I wouldn’t be so sure about that. Serves of the big names in this space have green energy pledges and are actively building out nuclear power.

Nobody is actively building out nuclear power. Microsoft is turning on a recently decommissioned facility.

New nuclear is too expensive to make sense. At most there are small investments in flash-in-the-pan startups that are failing to deliver plans for small modular reactors.

The real build out that will happen is solar/wind with tons of batteries, which is so commonplace that it doesn't even make the news. Those can be ordered basically off the shelf, are cheap, and can be deployed within a year. New nuclear is a 10-15 year project, at best, with massive financial risk and construction risk. Nobody wants to take those bets, or can really afford to, honestly.

Plenty of bets being placed on nuclear, but they are moonshot style bets.

From where I'm standing, the immediate capital seems to be being deployed at smaller-scale (2-5MW) natural gas turbines co-located on site with the load. I haven't heard a whole lot of battery deployments at the same scale.

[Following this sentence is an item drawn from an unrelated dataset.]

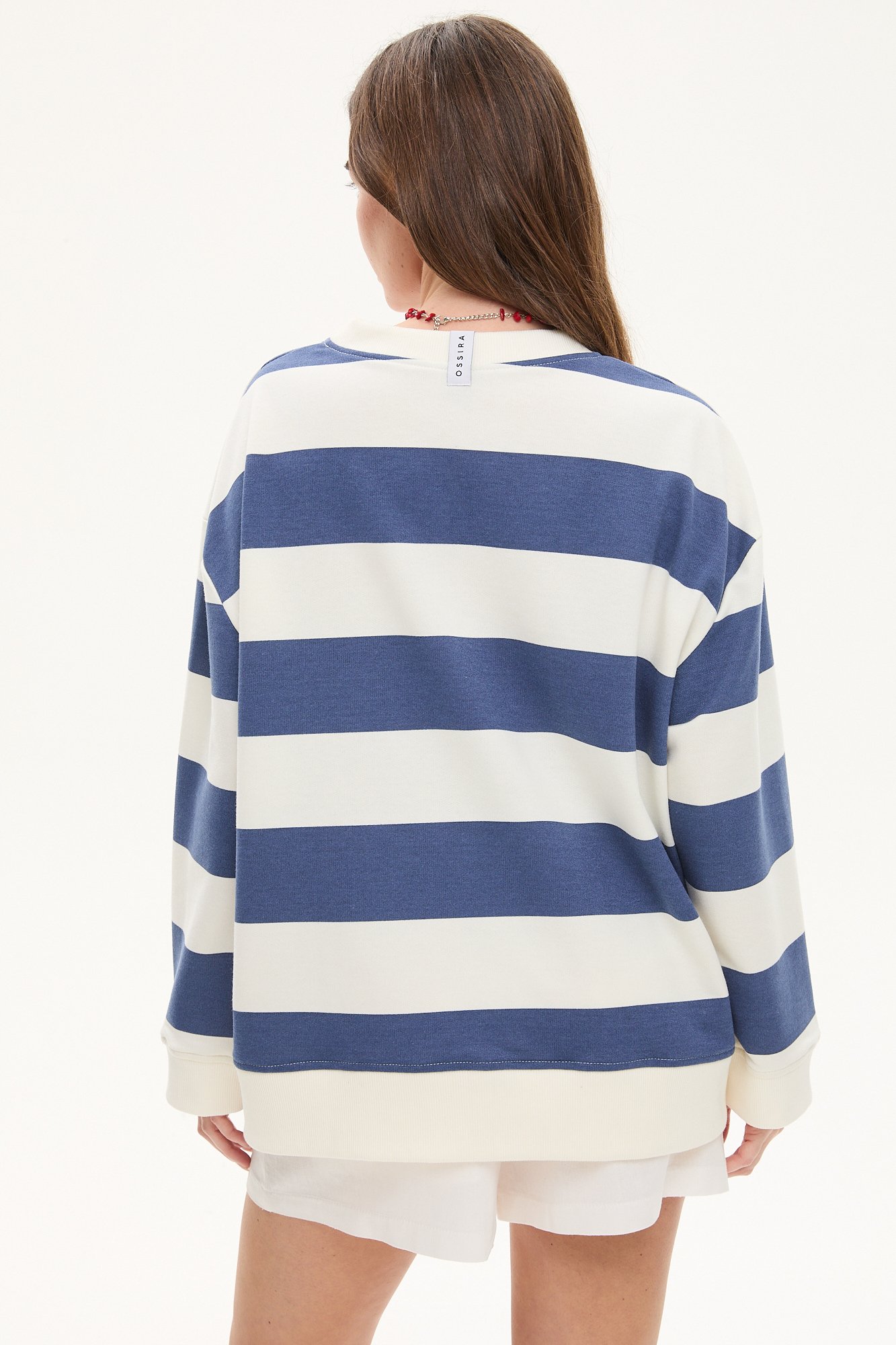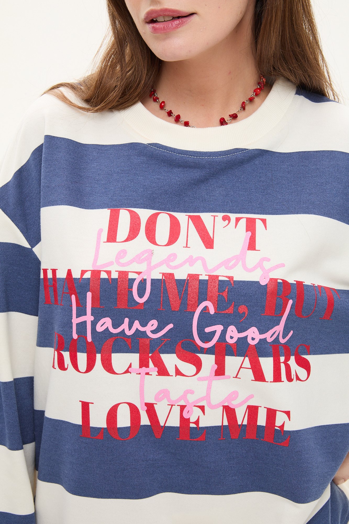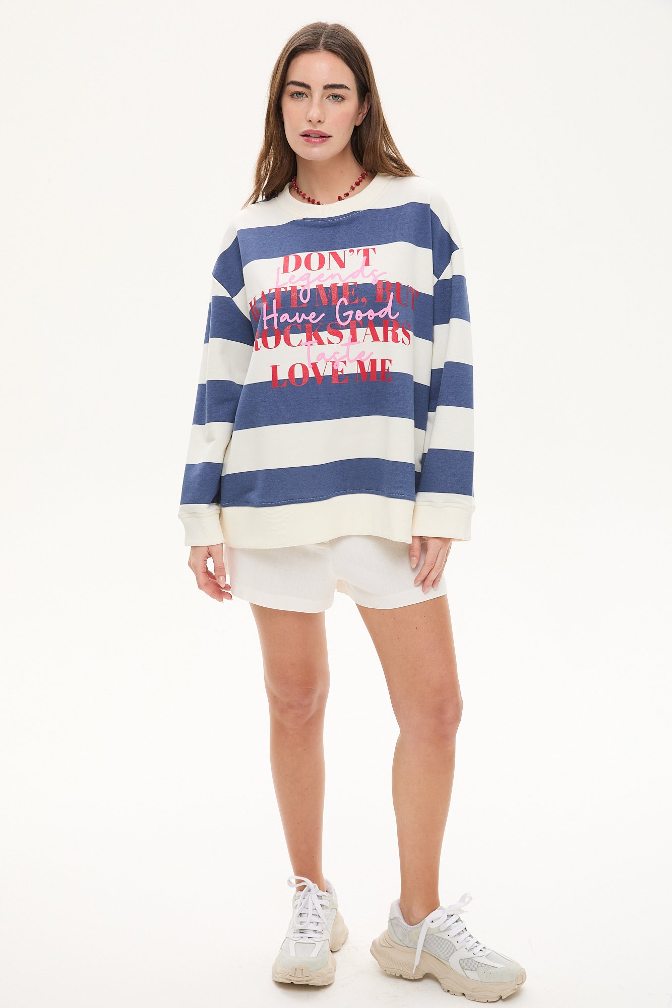 BUZO DE ALGODÓN RUSTICO RAYADO CON ESTAMPA EN COLOR. LARGO HASTA CADERA. 100% ALGODÓN.

Of course turbines are now out at 2029 or something for delivery.

Only marginally at the edge of this space these days though, so what I hear is through the grapevine and not direct any longer.

As far as the grid goes, there's a tiny bit of gas additions, but it's mostly solar, battery, and wind:

https://www.eia.gov/todayinenergy/detail.php?id=65964

Of course, remember that nameplate capacities from different technologies should be corrected for capacity factor, which is roughly 60% for gas, 40% for wind, and 25% for solar, but pre-correction EIA expects

    solar: 33.3GW
    battery: 18.3GW
    wind: 7.7GW
    gas: 4.7GW
And then there's an expected retirement of 1.6GW of old gas this year.

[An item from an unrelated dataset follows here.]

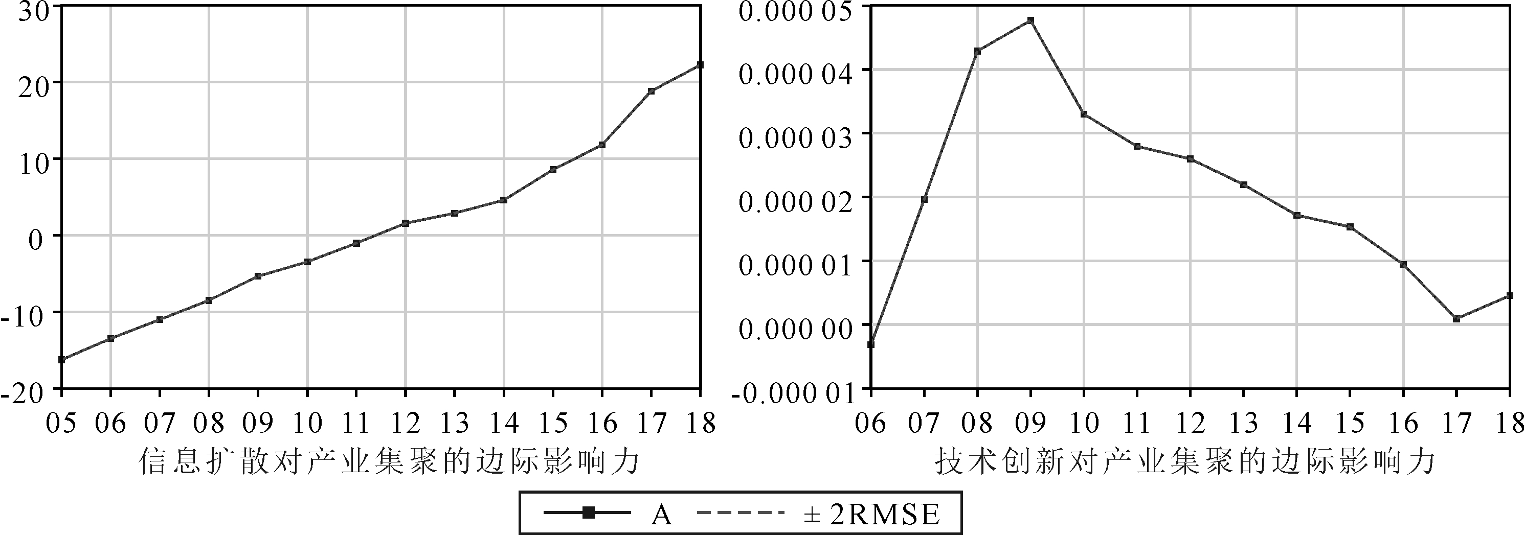 图5显示,信息扩散对产业集聚的边际影响力在2005-2018年呈线性增长态势,而技术创新绩效对产业集聚的边际影响力呈倒U形曲线,且技术创新绩效的边际影响力在2005-2009年呈快速增长趋势,在2009年达到最大值,其后呈缓慢递减趋势,并于2018年开始出现回升趋势。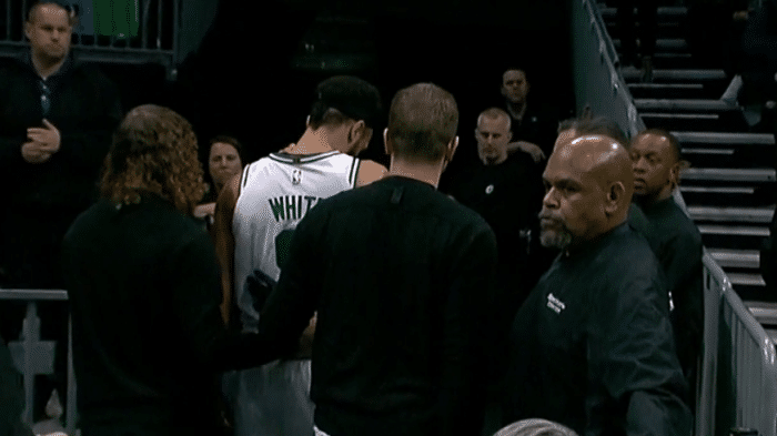 凯尔特人对阵黄蜂第一节,怀特坏冲过来的斯玛特撞到头部,之后怀特捂着颈部十分痛苦,并且倒地不起,塔图姆、斯玛特和霍福德都站在他的身旁,十分担忧队友的伤势;怀特返回更衣室接受检查,最终因颈部扭伤而提前退赛。

I'm pretty disconnected from the data center folks, but in general the current political environment is highly disfavorable to solar and batteries, and using them too much could have lots of political blowback that is very expensive.

Of course, small gas also has the benefit that the operating costs are spread over the lifetime, rather than being an up-front cost. So even if solar+batteries is cheaper than gas over the lifetime of the system, gas may seem more expedient if you don't want a lot of capital on the books.

> The real build out that will happen is solar/wind with tons of batteries

That actually sounds awesome, is there a downside I’m not seeing?

If you're a utility, you may not like that solar and batteries are driving down electricity costs and reducing grid expenses. But even with the thumbs against the scale, we are seeing the most nameplate deployment (see caveats in my parallel reply) in decades, and will likely set a record, because of solar, batteries, and wind in that order:

https://www.eia.gov/todayinenergy/detail.php?id=65964

There are a couple companies doing HTGR and SMRs that seem to be on track.

> There's probably some interesting new architectures already in the works either from postdocs or in tiny startups

It is not clear to me why we will have a breakthrough after virtually no movement on this front for decades. Backpropagation is literally 1960s technology.

Your comment sort of implies that all this is some super standardized flow that is well studied and highly optimized but in my experience all this ML stuff is closer to the edge of broken than some kind of local maximum.

There is an ungodly number of engineering decisions that go into making ML work and any number of stupid things are all over the place that cause stuff to fail.

Like something stupid like your normalization was bad or your mix of data was bad or your learning rates were bad or you have some precision issues or your model has a bad init or some architectural problems cause poor training or straight up there are tons of bugs somewhere like your batching was doing something silly or there is some numerically unstable division or sqrt or somewhere etc etc.

At scale with stupid issues like hardware faults I imagine this only gets exponentially worse.

And then on product sides of integrating stuff more bugs sneak in like so many labs were releasing so many open source LLMs with broken and incorrectly configured chat templates that massively tanked performance.

Or they set up some parmeters in sampling wrong and stuff gets stuck in loops or hallucinates tons or something.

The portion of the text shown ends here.